Há mais provas da participação de José Dirceu na Ação Penal 470 (rs) ou de José Serra no Suposto Esquema de Desvio de Verbas da Privatização de Estatais (ex-Privataria Tucana)?

Responder

    paulo roberto

    06 de agosto de 2012 às 18h29

    Vc já leu “A Privataria Tucana”? Ou só lê a Veja?

    Willian

    06 de agosto de 2012 às 20h07

    Provas provas ou são “provas”?

    Francisco

    06 de agosto de 2012 às 18h52

    Olha, tem um livro inteiro de provas materiais (publicas e cartoriais, nativas e estrangeiras) sustentando a relação de José Serra com a assim chamada “Privataria”.

    Se esse livro não for o suficiente, logo, logo, vem o segundo …

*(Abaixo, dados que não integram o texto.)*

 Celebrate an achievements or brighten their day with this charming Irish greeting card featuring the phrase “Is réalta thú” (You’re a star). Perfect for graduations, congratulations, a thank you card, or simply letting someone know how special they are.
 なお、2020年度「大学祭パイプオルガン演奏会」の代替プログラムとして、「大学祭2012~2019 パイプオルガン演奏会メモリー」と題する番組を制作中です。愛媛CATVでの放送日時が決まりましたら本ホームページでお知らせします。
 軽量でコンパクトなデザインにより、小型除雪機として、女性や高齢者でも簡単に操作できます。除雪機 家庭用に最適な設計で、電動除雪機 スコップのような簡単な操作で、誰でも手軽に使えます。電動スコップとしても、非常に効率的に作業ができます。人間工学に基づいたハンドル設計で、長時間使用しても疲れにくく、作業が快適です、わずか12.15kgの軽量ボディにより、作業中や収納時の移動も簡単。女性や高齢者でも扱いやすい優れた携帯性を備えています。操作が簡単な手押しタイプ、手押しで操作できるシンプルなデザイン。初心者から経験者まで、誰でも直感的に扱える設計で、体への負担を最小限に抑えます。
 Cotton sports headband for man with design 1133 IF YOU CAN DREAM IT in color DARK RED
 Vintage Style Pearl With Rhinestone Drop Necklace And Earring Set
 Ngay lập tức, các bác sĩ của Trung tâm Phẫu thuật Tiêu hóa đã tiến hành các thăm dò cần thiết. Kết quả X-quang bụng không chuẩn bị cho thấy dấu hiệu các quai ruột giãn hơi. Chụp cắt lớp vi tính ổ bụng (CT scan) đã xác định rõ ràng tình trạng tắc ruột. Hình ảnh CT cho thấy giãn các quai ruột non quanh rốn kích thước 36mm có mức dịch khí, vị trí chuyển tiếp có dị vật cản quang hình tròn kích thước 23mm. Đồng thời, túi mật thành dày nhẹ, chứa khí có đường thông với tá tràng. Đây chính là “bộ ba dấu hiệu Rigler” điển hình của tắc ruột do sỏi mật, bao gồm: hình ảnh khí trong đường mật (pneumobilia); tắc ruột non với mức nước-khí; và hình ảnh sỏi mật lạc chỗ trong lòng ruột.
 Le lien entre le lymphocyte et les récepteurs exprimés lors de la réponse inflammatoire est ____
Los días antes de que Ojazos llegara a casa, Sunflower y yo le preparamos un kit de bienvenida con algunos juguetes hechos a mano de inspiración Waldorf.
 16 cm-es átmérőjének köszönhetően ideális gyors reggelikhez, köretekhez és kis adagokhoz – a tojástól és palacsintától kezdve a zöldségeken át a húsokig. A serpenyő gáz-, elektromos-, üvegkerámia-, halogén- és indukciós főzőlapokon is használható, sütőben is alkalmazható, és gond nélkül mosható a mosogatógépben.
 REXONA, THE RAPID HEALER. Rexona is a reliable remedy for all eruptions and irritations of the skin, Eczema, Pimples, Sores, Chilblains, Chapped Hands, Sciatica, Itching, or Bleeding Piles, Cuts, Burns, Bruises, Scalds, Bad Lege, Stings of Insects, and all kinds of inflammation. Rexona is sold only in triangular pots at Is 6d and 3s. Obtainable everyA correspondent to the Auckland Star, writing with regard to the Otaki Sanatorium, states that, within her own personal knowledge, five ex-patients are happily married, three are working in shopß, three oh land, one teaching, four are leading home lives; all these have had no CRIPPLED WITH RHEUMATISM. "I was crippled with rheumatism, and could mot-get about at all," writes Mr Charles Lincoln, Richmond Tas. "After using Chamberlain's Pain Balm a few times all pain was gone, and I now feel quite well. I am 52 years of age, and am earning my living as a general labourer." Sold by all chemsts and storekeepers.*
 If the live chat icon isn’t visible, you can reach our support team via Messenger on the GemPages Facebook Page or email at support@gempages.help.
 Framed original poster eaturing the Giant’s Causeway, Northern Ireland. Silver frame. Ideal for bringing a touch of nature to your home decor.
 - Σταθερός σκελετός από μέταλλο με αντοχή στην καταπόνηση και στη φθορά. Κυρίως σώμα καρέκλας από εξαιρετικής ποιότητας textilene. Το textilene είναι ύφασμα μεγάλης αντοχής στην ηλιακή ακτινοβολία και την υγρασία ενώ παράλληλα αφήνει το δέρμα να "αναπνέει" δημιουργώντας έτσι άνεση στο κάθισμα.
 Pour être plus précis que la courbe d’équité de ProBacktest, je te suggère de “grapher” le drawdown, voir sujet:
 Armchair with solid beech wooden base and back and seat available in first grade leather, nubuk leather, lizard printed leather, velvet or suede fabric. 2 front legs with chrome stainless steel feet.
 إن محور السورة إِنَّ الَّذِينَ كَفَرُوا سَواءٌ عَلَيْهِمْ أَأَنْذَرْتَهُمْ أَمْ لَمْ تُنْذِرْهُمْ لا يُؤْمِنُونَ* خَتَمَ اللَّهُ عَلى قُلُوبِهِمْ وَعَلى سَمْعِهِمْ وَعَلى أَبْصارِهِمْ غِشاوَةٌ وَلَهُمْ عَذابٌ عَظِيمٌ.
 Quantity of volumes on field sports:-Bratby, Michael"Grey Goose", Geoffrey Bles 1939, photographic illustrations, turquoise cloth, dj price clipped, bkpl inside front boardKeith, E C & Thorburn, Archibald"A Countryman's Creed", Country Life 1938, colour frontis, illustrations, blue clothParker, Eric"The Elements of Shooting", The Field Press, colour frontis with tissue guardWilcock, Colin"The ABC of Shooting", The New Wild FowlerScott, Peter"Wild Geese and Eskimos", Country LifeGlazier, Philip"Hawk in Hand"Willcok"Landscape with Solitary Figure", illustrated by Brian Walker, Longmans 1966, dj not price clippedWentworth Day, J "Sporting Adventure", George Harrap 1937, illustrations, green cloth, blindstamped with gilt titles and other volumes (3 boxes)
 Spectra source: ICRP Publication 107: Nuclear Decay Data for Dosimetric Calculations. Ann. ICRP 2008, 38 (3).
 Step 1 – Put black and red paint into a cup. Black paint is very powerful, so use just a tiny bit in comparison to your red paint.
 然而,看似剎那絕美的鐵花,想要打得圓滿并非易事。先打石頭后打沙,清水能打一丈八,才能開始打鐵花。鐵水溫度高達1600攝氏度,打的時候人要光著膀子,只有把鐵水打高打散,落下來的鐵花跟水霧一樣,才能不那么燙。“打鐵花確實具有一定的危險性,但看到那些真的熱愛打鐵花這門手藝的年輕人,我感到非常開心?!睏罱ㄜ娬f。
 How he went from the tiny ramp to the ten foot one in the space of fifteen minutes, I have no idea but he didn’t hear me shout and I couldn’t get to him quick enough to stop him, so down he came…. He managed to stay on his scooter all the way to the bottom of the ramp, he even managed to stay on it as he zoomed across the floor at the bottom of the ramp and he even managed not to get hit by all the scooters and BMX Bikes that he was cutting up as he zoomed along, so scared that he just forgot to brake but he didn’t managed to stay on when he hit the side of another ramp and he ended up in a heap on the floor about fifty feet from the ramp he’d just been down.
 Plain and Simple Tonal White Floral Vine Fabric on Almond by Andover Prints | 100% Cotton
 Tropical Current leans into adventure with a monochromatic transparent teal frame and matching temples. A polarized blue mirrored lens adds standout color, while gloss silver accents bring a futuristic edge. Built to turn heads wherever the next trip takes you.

    PS. Notou que a direita tem acesso a escribas pagos, todos os arsenais de Carlinhos Cachoeira, gráficas, editoras, o escambau e não produziu um livro análogo à “Privataria Tucana” sobre José Dirceu?

    Estranho, né?

    MARCELO

    07 de agosto de 2012 às 11h50

    Poderiam escrever um belo livro chamado:A Safadeza Petista.
    Venderia como guaraná no deserto do Saara.

    Marcia Noemia

    06 de agosto de 2012 às 19h02

    Mas não é assim que o PGR quer? Provas, provas e provas. O PGR diz que tem provas, mas não coloca nos autos. O outro têm provas e coloca nos autos.

    PedroAurelioZabaleta

    06 de agosto de 2012 às 20h15

    Willian… Bonner?

    Willian

    06 de agosto de 2012 às 21h16

    Willian…Waack? Who knows?

    jandui

    07 de agosto de 2012 às 07h21

    nem Bonner nem Waack. Willian mané Dantas.

    Bonifa

    06 de agosto de 2012 às 20h59

    Não é provas “do auto”. É provas dos autos. Auto é uma peça teatral ligeira. Embora a peça de Gurgel pareça mais um “auto” que desprezou o próprio conteúdo dos autos.

    Mário SF Alves

    07 de agosto de 2012 às 00h57

    Fica ensinando, fica. Desculpa aí,Bonifa. É gozação. Mesmo porque a realidade (o ensinamento, o argumento) não tem a menor serventia pra quem se acostumou ao uso da força.

    C. Roberto

    06 de agosto de 2012 às 21h52

    Se vc tem tanta certeza do que diz, porque não foi ao tribunal argumentar com os advogados? Acabaram-se as capas da Veja, e junto com elas foi o Demostenes. Não preocupe, se esta ansioso por ver gente na cadeia breve teremos a privataria, a lista de furnas, o Cachoeira e mensalão do Azeredo!!!É só aguardar…

    CarmenLya

    06 de agosto de 2012 às 23h22

    Se é o William Waack nem respondam…pode levar nosso debate para o embaixador americano no próximo encontro, rsrsrsrs

    Leonardo Meireles Câmara

    07 de agosto de 2012 às 00h26

    Olha, contra o Serra mesmo são poucas, mas com relação aos chegados deles, inclusive filha e genro, as provas são arrasadoras. Fico satisfeito se a filha dele for condenada a devolver o dinheiro e a dormir uns belos anos no xilindró, assim como os capangas de Serra. Espero que quando chegar a vez dele, o ministério público não seja tão idiota e se concentre nas provas. Assim não fica desmoralizado e põe algum desses bandidos na cadeia.

Marat

06 de agosto de 2012 às 17h14

Azenha, boa tarde.
Peço licença para aplaudir de pé a imagem do mês. ESPETACULAR. Faltaram algumas “pessoas” ali, do naipe de um Tony Blair, mas a mensagem foi sensacional!!!